▶ **Records supplied**:
• • • •

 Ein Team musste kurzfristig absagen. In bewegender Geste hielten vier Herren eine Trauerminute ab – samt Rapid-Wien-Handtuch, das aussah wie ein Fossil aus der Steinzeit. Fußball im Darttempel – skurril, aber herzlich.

• • • •

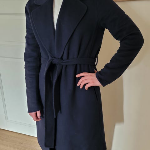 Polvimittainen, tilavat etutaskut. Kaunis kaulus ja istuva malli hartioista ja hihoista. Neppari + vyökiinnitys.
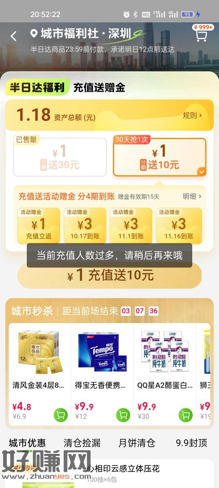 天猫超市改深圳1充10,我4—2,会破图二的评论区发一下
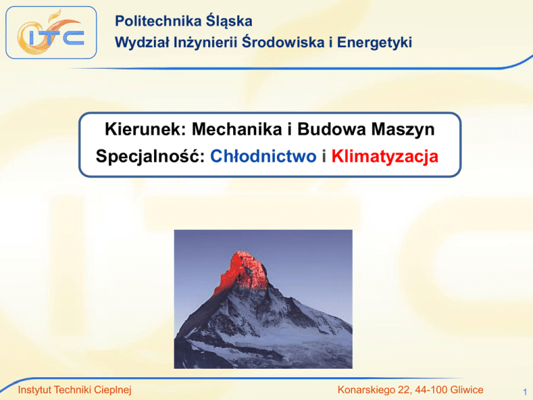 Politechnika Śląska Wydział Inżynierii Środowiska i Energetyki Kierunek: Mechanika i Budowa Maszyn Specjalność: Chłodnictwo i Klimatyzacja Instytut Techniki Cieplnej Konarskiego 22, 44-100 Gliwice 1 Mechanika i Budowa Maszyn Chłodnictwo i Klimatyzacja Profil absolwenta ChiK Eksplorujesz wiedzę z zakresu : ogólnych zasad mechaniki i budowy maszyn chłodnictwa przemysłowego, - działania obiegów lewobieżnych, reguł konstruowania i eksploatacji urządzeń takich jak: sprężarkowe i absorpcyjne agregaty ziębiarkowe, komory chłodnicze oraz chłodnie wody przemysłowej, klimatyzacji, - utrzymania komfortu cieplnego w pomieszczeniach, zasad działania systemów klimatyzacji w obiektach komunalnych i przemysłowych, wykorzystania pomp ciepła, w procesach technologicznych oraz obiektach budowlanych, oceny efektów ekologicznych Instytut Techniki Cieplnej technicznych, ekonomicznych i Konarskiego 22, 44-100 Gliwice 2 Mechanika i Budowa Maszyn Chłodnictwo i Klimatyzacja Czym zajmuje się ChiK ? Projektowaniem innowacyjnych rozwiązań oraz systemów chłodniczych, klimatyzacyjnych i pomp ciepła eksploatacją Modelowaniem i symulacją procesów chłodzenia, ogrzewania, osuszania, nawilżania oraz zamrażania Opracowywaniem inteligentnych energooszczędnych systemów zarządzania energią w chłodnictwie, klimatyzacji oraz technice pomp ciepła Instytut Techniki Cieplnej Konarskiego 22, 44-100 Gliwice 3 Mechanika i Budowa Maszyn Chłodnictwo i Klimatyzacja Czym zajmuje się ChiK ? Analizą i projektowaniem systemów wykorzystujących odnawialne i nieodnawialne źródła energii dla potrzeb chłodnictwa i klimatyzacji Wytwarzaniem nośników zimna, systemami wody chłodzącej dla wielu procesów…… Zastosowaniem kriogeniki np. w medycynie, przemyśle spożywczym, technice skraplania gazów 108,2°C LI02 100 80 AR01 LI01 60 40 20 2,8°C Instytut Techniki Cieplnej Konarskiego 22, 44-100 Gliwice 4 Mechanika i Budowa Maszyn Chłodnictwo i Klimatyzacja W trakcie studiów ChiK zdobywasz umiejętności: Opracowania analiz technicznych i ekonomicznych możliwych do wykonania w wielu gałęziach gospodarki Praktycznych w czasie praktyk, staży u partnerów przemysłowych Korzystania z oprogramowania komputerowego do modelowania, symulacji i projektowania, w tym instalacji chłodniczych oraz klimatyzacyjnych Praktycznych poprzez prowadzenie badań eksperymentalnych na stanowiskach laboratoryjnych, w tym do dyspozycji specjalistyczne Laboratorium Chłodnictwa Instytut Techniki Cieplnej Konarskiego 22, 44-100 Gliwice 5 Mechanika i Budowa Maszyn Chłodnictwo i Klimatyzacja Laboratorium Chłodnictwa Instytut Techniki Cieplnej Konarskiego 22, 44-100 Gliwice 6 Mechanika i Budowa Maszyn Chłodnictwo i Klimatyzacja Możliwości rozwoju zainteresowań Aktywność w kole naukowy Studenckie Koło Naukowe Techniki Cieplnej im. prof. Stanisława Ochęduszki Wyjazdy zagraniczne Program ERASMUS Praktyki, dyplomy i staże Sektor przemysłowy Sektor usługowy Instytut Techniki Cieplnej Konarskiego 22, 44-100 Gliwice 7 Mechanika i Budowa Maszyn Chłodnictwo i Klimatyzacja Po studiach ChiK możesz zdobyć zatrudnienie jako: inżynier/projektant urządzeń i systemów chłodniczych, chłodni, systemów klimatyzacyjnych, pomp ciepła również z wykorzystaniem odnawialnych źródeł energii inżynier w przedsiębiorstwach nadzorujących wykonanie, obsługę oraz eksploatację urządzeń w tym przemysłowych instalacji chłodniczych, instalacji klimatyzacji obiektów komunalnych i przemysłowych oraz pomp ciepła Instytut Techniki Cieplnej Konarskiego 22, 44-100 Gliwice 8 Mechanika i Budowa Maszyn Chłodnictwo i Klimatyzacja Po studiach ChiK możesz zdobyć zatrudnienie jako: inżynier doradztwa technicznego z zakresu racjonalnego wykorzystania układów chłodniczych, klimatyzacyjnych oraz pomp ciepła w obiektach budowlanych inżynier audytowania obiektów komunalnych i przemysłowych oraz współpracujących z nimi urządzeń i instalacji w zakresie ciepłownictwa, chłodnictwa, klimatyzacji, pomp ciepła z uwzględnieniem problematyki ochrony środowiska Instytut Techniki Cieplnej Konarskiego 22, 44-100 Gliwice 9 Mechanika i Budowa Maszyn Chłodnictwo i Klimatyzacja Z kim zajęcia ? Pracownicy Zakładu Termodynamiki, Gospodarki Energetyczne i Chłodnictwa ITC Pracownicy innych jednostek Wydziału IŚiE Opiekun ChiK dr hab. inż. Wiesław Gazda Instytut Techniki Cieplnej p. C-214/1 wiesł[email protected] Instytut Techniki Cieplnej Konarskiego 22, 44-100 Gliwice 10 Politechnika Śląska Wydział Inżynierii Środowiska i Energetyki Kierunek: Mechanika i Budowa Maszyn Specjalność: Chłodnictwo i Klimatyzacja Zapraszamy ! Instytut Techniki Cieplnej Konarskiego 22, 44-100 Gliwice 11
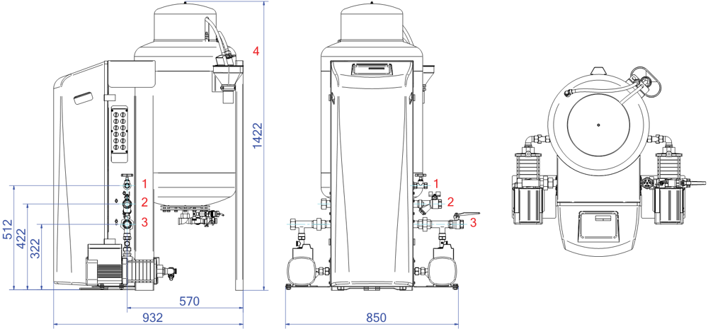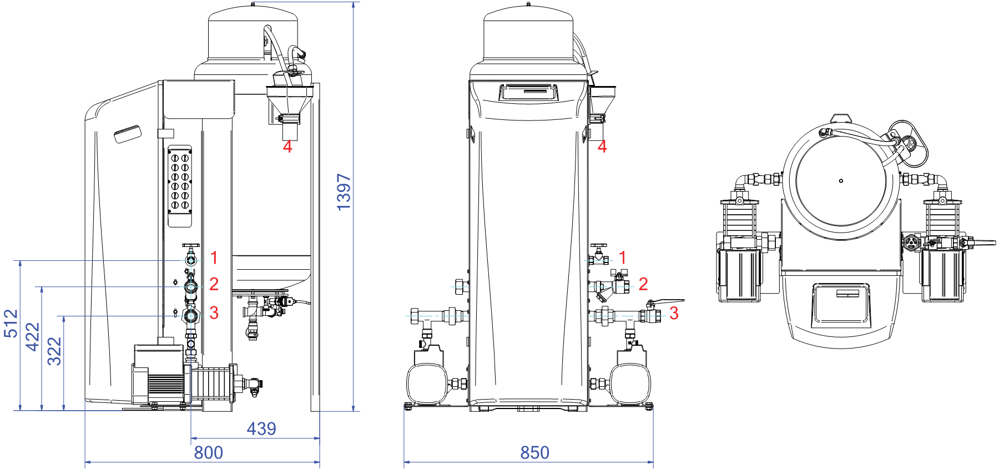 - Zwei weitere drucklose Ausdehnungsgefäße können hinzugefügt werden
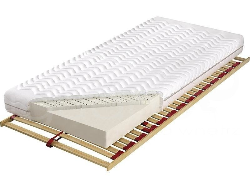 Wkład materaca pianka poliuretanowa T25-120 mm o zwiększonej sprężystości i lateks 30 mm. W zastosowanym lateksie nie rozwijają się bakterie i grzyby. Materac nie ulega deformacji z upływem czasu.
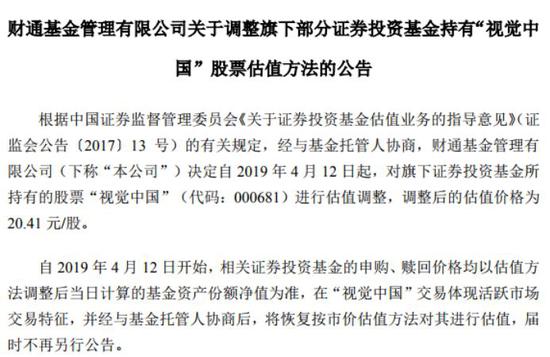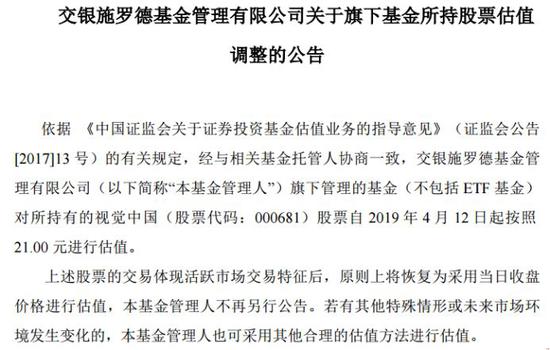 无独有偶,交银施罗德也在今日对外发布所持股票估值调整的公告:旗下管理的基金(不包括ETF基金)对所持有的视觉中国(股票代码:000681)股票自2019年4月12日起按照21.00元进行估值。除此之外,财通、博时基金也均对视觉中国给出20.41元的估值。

• • • •

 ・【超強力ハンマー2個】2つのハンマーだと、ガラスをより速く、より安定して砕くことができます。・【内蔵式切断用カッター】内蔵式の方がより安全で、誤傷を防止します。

• • • •

▶ **Your assignment**: Which part of the entries opens with the line containing "Polvimittainen, tilavat etutaskut." and closes with the line containing "天猫超市改深圳1充10,我4—2,会破图二的评论区发一下"? Output that part exactly, ends included, pictures excluded.

▶ **Result of this exercise**:
 Polvimittainen, tilavat etutaskut. Kaunis kaulus ja istuva malli hartioista ja hihoista. Neppari + vyökiinnitys.
 天猫超市改深圳1充10,我4—2,会破图二的评论区发一下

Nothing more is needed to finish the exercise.